As with Kikuhiko’s elegant rakugo, it goes against the grain of the times, as contemporary men’s figure skating tends to stress “masculine” athleticism over “feminine” artistry. But his performance is honest and engrossing, and the audience can’t take their eyes off him any more than they could Kikuhiko.
When people hear the word “feminism,” they tend to think solely about women’s rights, but the ultimate end goal of feminism has always been gender equality. As our understanding of gender deepens, our understanding of how people define themselves within that framework changes as well.
Cultural norms, gender identity (along the woman-to-man spectrum), and gender presentation (along the masculine-to-feminine spectrum) interact in ways that are unique for everyone. This means that a truly gender-equal society is one where anyone can embody any trait, regardless of whether it’s been traditionally seen as “feminine,” “masculine,” or something in-between.
Characters like Kikuhiko and Yuri not only present us with these alternatives, but argue for why those alternatives should be nurtured and encouraged. Both young men are able to make the most of their talents, to confidently perform and captivate their audiences, precisely because they don’t fit the expected mold of masculine behavior. Their femininity isn’t something they should be ashamed of, but a valuable strength they—and, both series argue, the world at large—should embrace.

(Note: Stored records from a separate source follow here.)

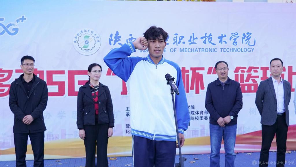 体育部教师姚康华、23机电一体化2班学生穆再排尔·芒力科分别代表全体裁判员、运动员宣誓,确保比赛公平、公正。
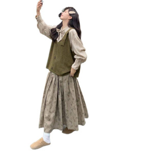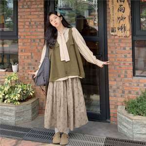 系带长袖衬衫叠穿针织马甲背心毛衣两件套女秋冬印花半身长裙套装
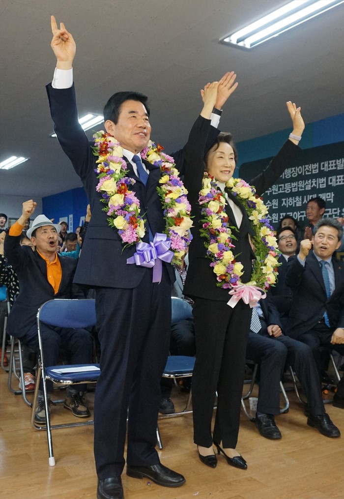 (서울=포커스뉴스) 20대 총선에서 당선이 확실시된 김진표 더불어민주당 경기 수원무 후보가 13일 경기도 수원 자신의 선거캠프에서 지지자들과 함께 기뻐하고 있다. <사진제공=김진표 후보 선거사무소>

Granted, the confines of Kikuhiko’s world mean he continues to struggle with gendered expectations off the rakugo stage, and we could argue that Yuri on Ice is idealistic in how quickly everyone accepts Yuri’s unconventional skating style. There’s also a whole long discussion here about gender and sexuality, given the strong implication that both men are queer and thus their femininity may play into some gendered assumptions even as it challenges others. These are conversations we can and should have, especially once both series have finished and we can see the full picture.
Still, the net result of these two performance stories is a positive one, using art as an outlet for self-expression to challenge the audience’s understanding of how genders “should” behave and show why being able to act honestly, unconstrained by traditional expectations, is beneficial to both the individual and the community at large.
The best kind of fiction pushes boundaries in-story and out of it. Getting two anime that accomplish this so masterfully in one year is a promising sign, and one I hope we see more of in the seasons to come.